Speaking of which, I am not in the camp who says Apple should simply put MacOS on the iPad–that is a terrible idea. iPadOS has to be made with touch, pencil, trackpad, and mouse inputs in mind, all of which no doubt make for engineering challenges. Nevertheless, it’s less about fun animations and cool widgets, and more about allowing for the simple tasks and workflows to perform like you would expect on traditional hardware. Links on webpages not automatically launching their app counterparts, proper text inputs within text fields in PDFs, and many more basic things that users have been pining for ages that I’m sure can work within iPadOS.

Wait, They Cost How Much?!

This sentiment of feeling like an iPad Pro can be so much more than what it is, I imagine, must be worse for anyone with an iPad Pro post-M1. Doubly so for those who had spent egregious amounts of money on the Magic Keyboard and Apple Pencil, which when combined with the price of the tablet ends up being more expensive than a MacBook Air. These new M4 models don’t make the case better as their prices have now shot up to start at $999, and that’s only for the 11-inch model. This makes the proposition of an iPad Pro all the more curious seeing as one could buy a MacBook Air alongside a base-model iPad for essentially the same price (when accounting for the iPad Pro accessories) and come out with arguably a more productive and versatile setup.
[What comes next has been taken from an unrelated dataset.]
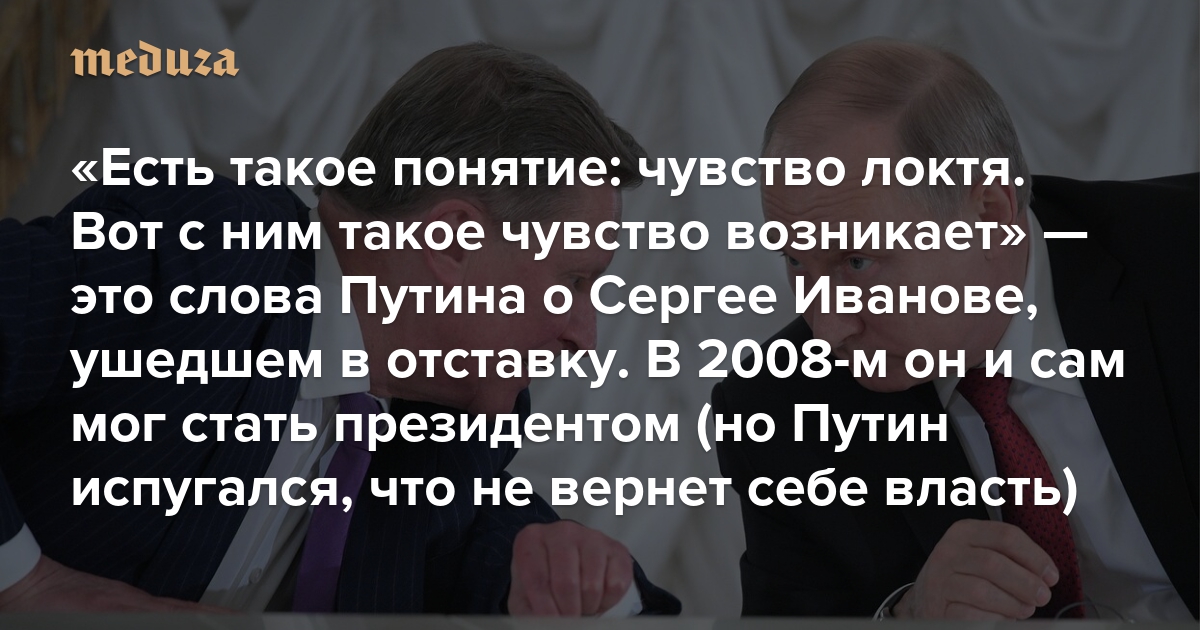 «Есть такое понятие: чувство локтя. Вот с ним такое чувство возникает» Это — слова Путина о Сергее Иванове, ушедшем в отставку. В 2008-м он и сам мог стать президентом (но Путин испугался, что соратник не вернет ему власть)

For as much as I loved using my iPad Pro for all these years, I can’t deny its baffling shortcomings. These new M4 iPad Pros are in many ways technical marvels. From their gorgeous tandem OLED screens, impossibly (and unnecessary) thin design, to their incredible performance that will shred through any task you throw at them. Pair that with the new and improved Magic Keyboard and Apple Pencil and you have yourself a really solid product. But a product that still, even after all these years, struggles to have an identity, and whose price is simply too high to justify when Apple offers better and more functional alternatives.